* [TASK INSTRUCTIONS]
Leave every picture out. Set down all the lines below exactly.

* [INFORMATION PROVIDED]
- - - - - - -

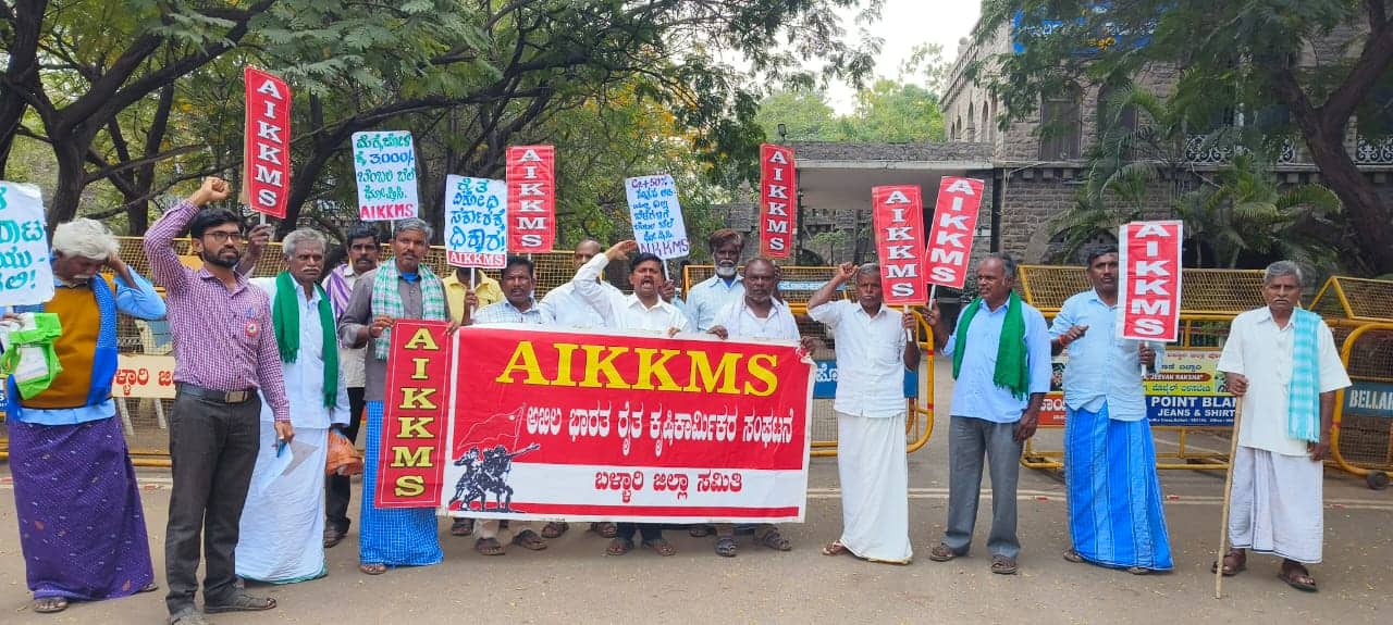 ಬಳ್ಳಾರಿ: ಮೆಕ್ಕೆಜೋಳಕ್ಕೆ ಬೆಂಬಲ ಬೆಲೆ ನೀಡಿ, ಖರೀದಿ ಕೇಂದ್ರ ಆರಂಭಿಸಬೇಕು ಎಂದು ಒತ್ತಾಯಿಸಿ ಅಖಿಲ ಭಾರತ ಕೃಷಿ ರೈತ ಕೃಷಿ ಕಾರ್ಮಿಕರ ಸಂಘಟನೆ (ಎಐಕೆಕೆಎಂಎಸ್) ವತಿಯಿಂದ ನಗರದ ಜಿಲ್ಲಾಧಿಕಾರಿ ಕಚೇರಿ ಎದುರು ಪ್ರತಿಭಟನೆ ನಡೆಸಲಾಯಿತು.
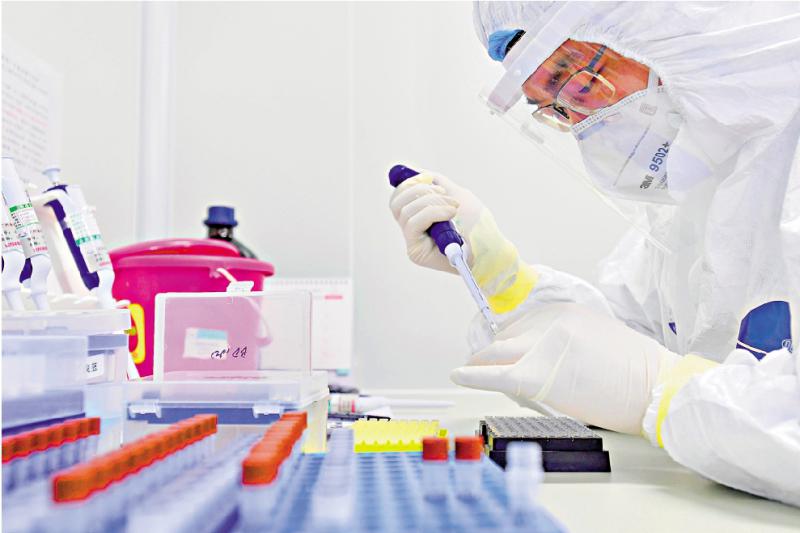 图:广州金域医学检验集团病毒诊断与转化中心技术主管冯力敏在病毒诊断与转化中心实验室进行样本试剂配制\新华社
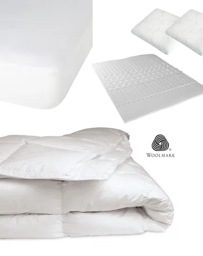 Pack 5 pièces : 2 Oreillers + Protège-Matelas + Couette + Surmatelas - 160x200 cm

- - - - - - -

* [COMPLETED EXERCISE]
 ಬಳ್ಳಾರಿ: ಮೆಕ್ಕೆಜೋಳಕ್ಕೆ ಬೆಂಬಲ ಬೆಲೆ ನೀಡಿ, ಖರೀದಿ ಕೇಂದ್ರ ಆರಂಭಿಸಬೇಕು ಎಂದು ಒತ್ತಾಯಿಸಿ ಅಖಿಲ ಭಾರತ ಕೃಷಿ ರೈತ ಕೃಷಿ ಕಾರ್ಮಿಕರ ಸಂಘಟನೆ (ಎಐಕೆಕೆಎಂಎಸ್) ವತಿಯಿಂದ ನಗರದ ಜಿಲ್ಲಾಧಿಕಾರಿ ಕಚೇರಿ ಎದುರು ಪ್ರತಿಭಟನೆ ನಡೆಸಲಾಯಿತು.
 图:广州金域医学检验集团病毒诊断与转化中心技术主管冯力敏在病毒诊断与转化中心实验室进行样本试剂配制\新华社
 Pack 5 pièces : 2 Oreillers + Protège-Matelas + Couette + Surmatelas - 160x200 cm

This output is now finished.